У синьоры Леви было двое детей. Младший сын со временем стал видным членом кибуцного движения, а позже преподавал социологию. Старший сын, дипломированный агроном, был талантливым музыковедом и журналистом, но был обречен на все возраставшие страдания из-за душевной болезни, которая в конце концов разрушила его блестящий разум. Но уже тогда его временами странное поведение делало его эксцентриком в глазах итальянских сионистов. О нем рассказывали множество историй. В 1940 году, когда британские власти арестовывали на разные сроки владельцев итальянских паспортов как подданных враждебного государства, Леви попал в центральную тюрьму Яффы. Место было малоприятным, но господин Леви более всего был шокирован отсутствием своих близких друзей. Он дал британской полиции список людей, с которыми он хотел бы соседствовать в тюремной камере, и полиция с радостью удовлетворила его желание. Неудивительно, что некоторые из его друзей надолго отвернулись от него. А несколькими годами ранее, еще в Италии, синьор Леви попал в туринскую тюрьму по подозрению в антифашизме. Тогда он завоевал известность благодаря бороде. Начал он с того, что отверг услуги тюремного брадобрея, который пришел брить его в субботу, день, когда, по справедливому утверждению синьора Леви, евреи не бреются. Это случилось в сентябре, и следующий визит цирюльника принес тот же результат. Леви с календарем в руках доказал, что не положено еврею бриться за два дня до Нового года. Начальник тюрьмы вызвал Леви к себе в кабинет, чтобы согласовать дату грегорианского календаря, когда религиозному еврею разрешено бриться. Синьор Леви с максимальной вежливостью выбрал день, но, когда он настал, опять отказался бриться, аргументируя с глубоким убеждением свой отказ тем, что «евреям вообще нельзя бриться».

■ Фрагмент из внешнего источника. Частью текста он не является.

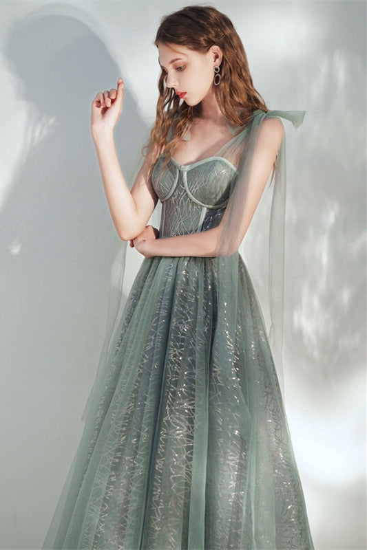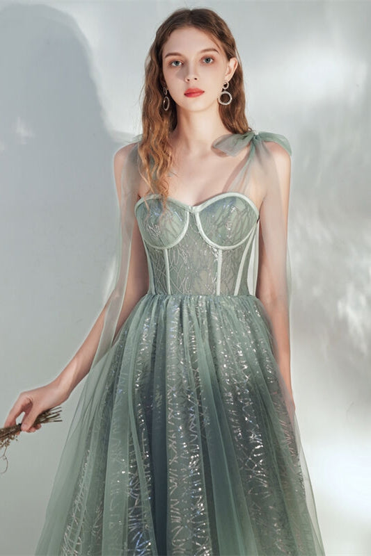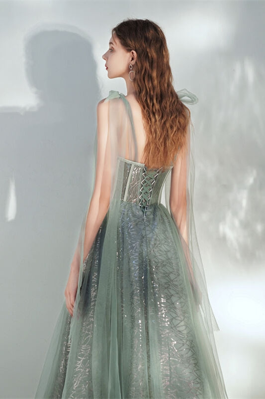 Joyofdress This dress features a sweetheart neckline with sheer straps bow tie on the shoulder, a corset bodice with boning inside and lace-up back detail, and a gathering ankle-length skirt.

В сельскохозяйственной школе «Микве Исраэль», где я начал учиться, Леви был инструктором, политическим комиссаром, воспитателем и исповедником для группы религиозных итальянских юношей, которых привезла в Палестину «Алият а-ноар», молодежная секция Еврейского агентства. Мы, записавшиеся в школу в частном порядке и платившие полную цену за обучение и содержание, с этими ребятами общались очень мало. Те жили в большом общежитии над кухней. Мы же размещались по четыре человека в комнате над амбаром и прессом для выжимки оливкового масла, которые находились во французском колониальном здании XIX века. Они жили согласно строгому религиозному регламенту, мы же наслаждались свободой неверующих. Они предназначали себя для жизни в религиозном кибуце, а мы были свободны мечтать о любой деятельности и карьере. Обе группы встречались в классной комнате на совместных уроках, в поле, где мы работали, а иногда в канун субботы я присоединялся к ним в школьной синагоге. Мне нравилась элегантная атмосфера синагоги, тоже построенной во французском колониальном стиле, с красно-голубым потолком, окнами с цветными стеклами и мраморными мемориальными досками с именами спонсоров и погибших учеников. Но в общем две эти группы держались поодаль друг от друга – еще и потому, что обиталища «частных» учеников делились на кварталы в зависимости от принадлежности к различным светским партиям, и мы сразу же по прибытии в школу выбирали себе жилье согласно своим идеологическим устремлениям. Я выбрал квартал «общих сионистов» [65]65
«Общие сионисты» – политическая организация, первоначально занимавшая центристскую позицию, представляя в основном либеральную буржуазию и средний класс. Приверженное идеям свободной рыночной экономики, после основания Государства Израиль это движение встало в оппозицию к находившимся у власти социалистическим партиям.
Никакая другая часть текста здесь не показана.